## ACTIVITY
Line by line, copy the entries exactly, excluding the pictures.

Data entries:
* * * *

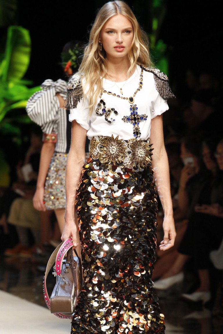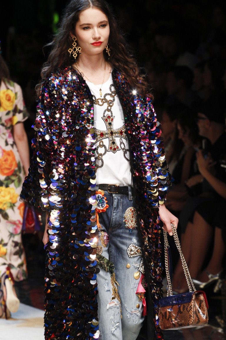 Les couturiers Les maisons de haute couture DOLCE & GABBANA proposent des cardigans et des jupes élégants garnis de larges paillettes chatoyantes. La robe argentée luxueuse et riche de la robe de JENNY PACKHAM est idéale pour une apparence de soirée. Grâce aux paillettes rouges, bleues, noires et blanches des robes et sarafans des marques «DAVID KOMA» et «JULIEN MCDONALD», une femme se transformera sûrement comme par magie en réveillon du Nouvel An en tant qu’objet de désir pour de nombreux hommes.
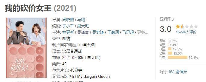 《我的砍价女王》更绝,和林更新对戏像小学生吵架,豆瓣 3.0 分!《正芳华》有殷桃、左小青抬轿,她照旧演得难受无比。
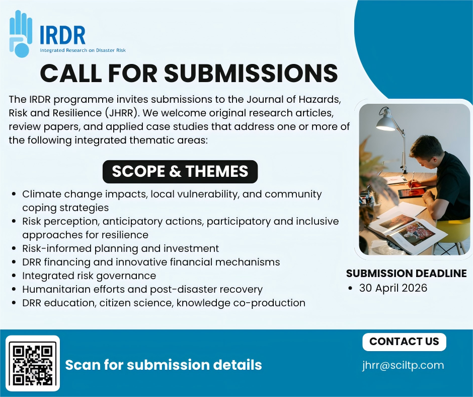 IRDR together with APSTAAG are conducting a survey to track the progress of the Asia and Pacific regional implementation of the Sendai Framework Science Technology Roadmap from a wide range of stakeholders. The analyses of the survey will be presented at the 2020 Asia Pacific Science and Technology Conference for Disaster Risk Reduction (ASTCDRR) on 16-17 March 2020, in Kuala Lumpur, Malaysia. It would be much appreciated if you can participate in survey, and disseminate the survey link to more stakeholders. The deadline for submitting this survey is November 15, 2019.
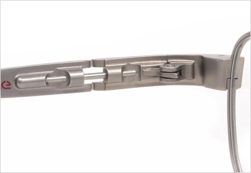 ベータチタンを使用し、丁番の前側とテンプルの後ろ側で二つの折り返しを作ったこちらの機構。
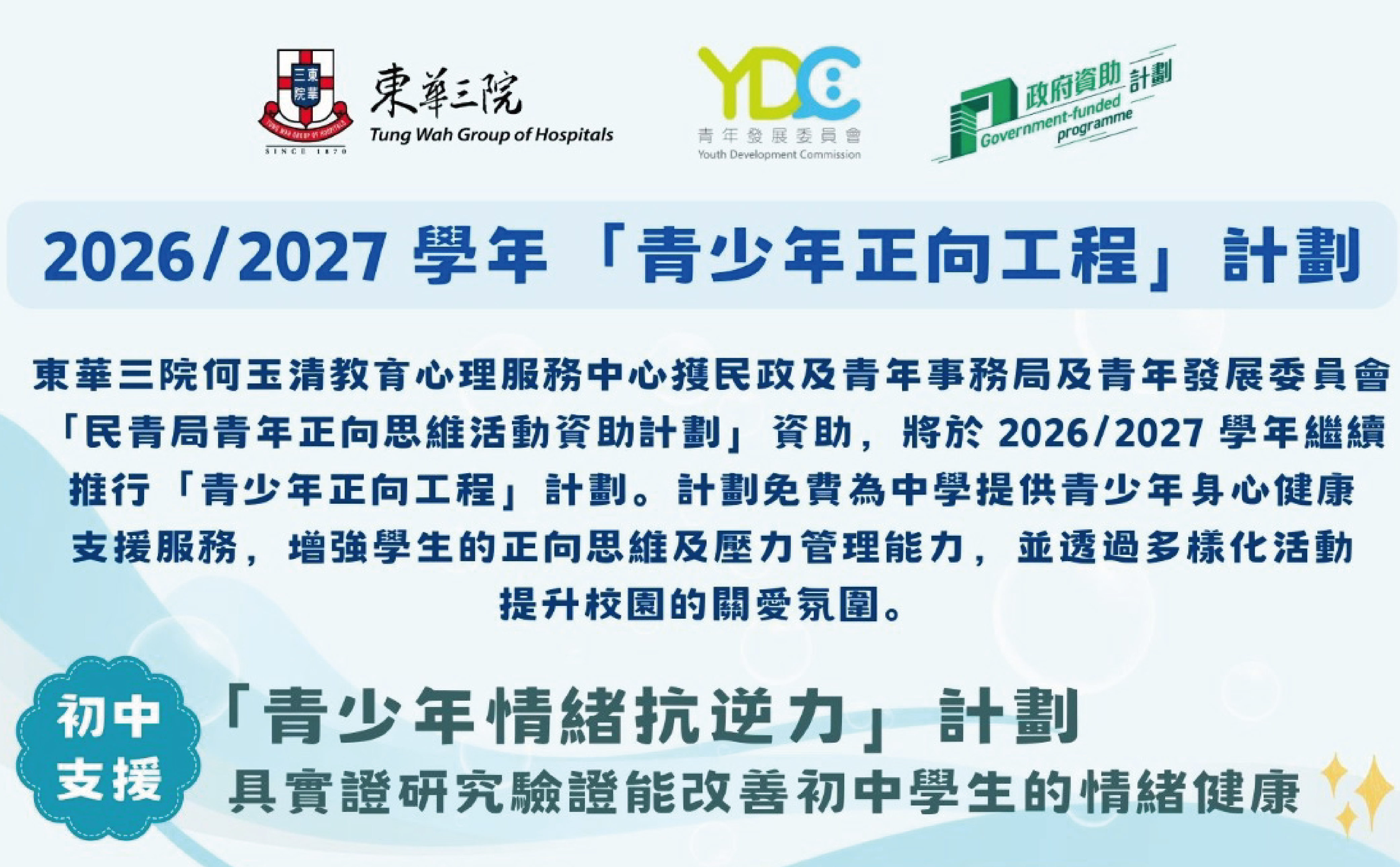 2026/2027學年「青少年正向工程」計劃

* * * *

## WRITTEN SOLUTION
 Les couturiers Les maisons de haute couture DOLCE & GABBANA proposent des cardigans et des jupes élégants garnis de larges paillettes chatoyantes. La robe argentée luxueuse et riche de la robe de JENNY PACKHAM est idéale pour une apparence de soirée. Grâce aux paillettes rouges, bleues, noires et blanches des robes et sarafans des marques «DAVID KOMA» et «JULIEN MCDONALD», une femme se transformera sûrement comme par magie en réveillon du Nouvel An en tant qu’objet de désir pour de nombreux hommes.
 《我的砍价女王》更绝,和林更新对戏像小学生吵架,豆瓣 3.0 分!《正芳华》有殷桃、左小青抬轿,她照旧演得难受无比。
 IRDR together with APSTAAG are conducting a survey to track the progress of the Asia and Pacific regional implementation of the Sendai Framework Science Technology Roadmap from a wide range of stakeholders. The analyses of the survey will be presented at the 2020 Asia Pacific Science and Technology Conference for Disaster Risk Reduction (ASTCDRR) on 16-17 March 2020, in Kuala Lumpur, Malaysia. It would be much appreciated if you can participate in survey, and disseminate the survey link to more stakeholders. The deadline for submitting this survey is November 15, 2019.
 ベータチタンを使用し、丁番の前側とテンプルの後ろ側で二つの折り返しを作ったこちらの機構。
 2026/2027學年「青少年正向工程」計劃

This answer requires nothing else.